◆ **REQUIREMENT**
Within the material below, locate the line with "Schöner europäischer Platz mit Denkmal" and the line with "We purchased two", then return those two lines and all lines between them, exactly as written.
[DATA RECORDS]
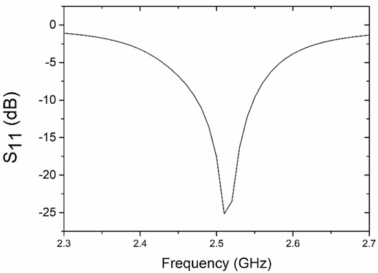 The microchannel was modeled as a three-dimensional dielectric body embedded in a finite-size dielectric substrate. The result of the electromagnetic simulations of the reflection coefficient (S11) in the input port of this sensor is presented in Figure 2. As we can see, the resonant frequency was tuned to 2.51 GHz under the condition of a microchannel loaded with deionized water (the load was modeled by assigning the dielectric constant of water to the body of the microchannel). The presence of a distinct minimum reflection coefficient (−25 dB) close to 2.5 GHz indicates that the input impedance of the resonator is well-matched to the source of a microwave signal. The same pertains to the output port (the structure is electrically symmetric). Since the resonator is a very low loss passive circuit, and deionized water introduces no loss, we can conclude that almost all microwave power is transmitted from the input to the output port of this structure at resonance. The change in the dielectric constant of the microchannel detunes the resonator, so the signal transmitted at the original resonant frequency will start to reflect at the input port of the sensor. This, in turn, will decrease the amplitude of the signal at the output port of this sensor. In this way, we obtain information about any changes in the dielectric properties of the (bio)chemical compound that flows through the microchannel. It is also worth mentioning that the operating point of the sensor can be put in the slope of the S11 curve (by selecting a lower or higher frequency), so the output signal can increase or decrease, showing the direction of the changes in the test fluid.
[/DATA RECORDS]
[DATA RECORDS]
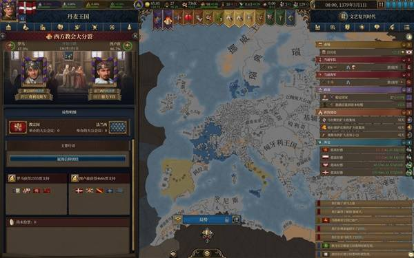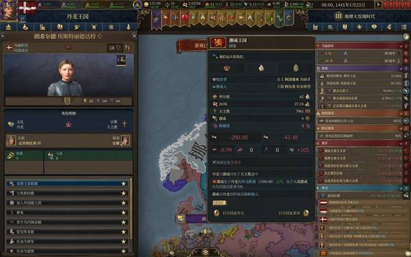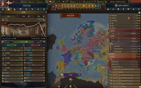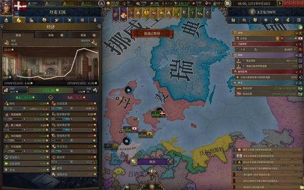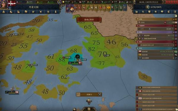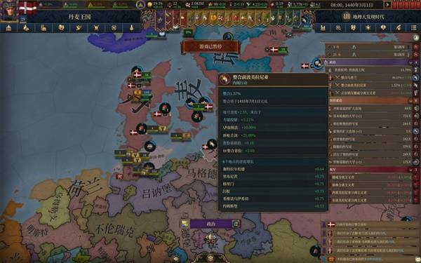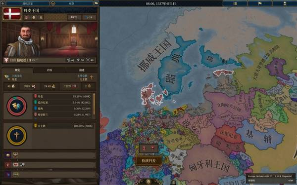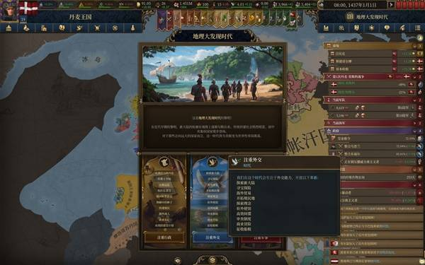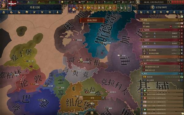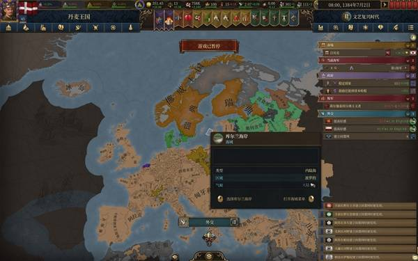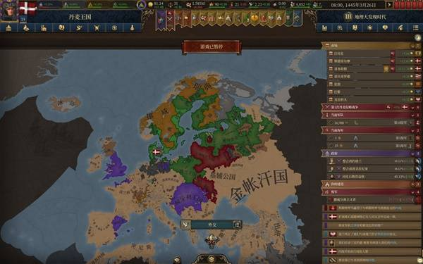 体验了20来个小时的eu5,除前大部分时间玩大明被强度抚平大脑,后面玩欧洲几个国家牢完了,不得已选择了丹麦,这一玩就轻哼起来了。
[/DATA RECORDS]
[DATA RECORDS]
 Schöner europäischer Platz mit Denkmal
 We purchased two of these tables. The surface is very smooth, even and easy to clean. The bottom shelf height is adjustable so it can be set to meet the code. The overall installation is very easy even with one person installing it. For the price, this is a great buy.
[/DATA RECORDS]
◆ **WRITTEN SOLUTION**
 Schöner europäischer Platz mit Denkmal
 We purchased two of these tables. The surface is very smooth, even and easy to clean. The bottom shelf height is adjustable so it can be set to meet the code. The overall installation is very easy even with one person installing it. For the price, this is a great buy.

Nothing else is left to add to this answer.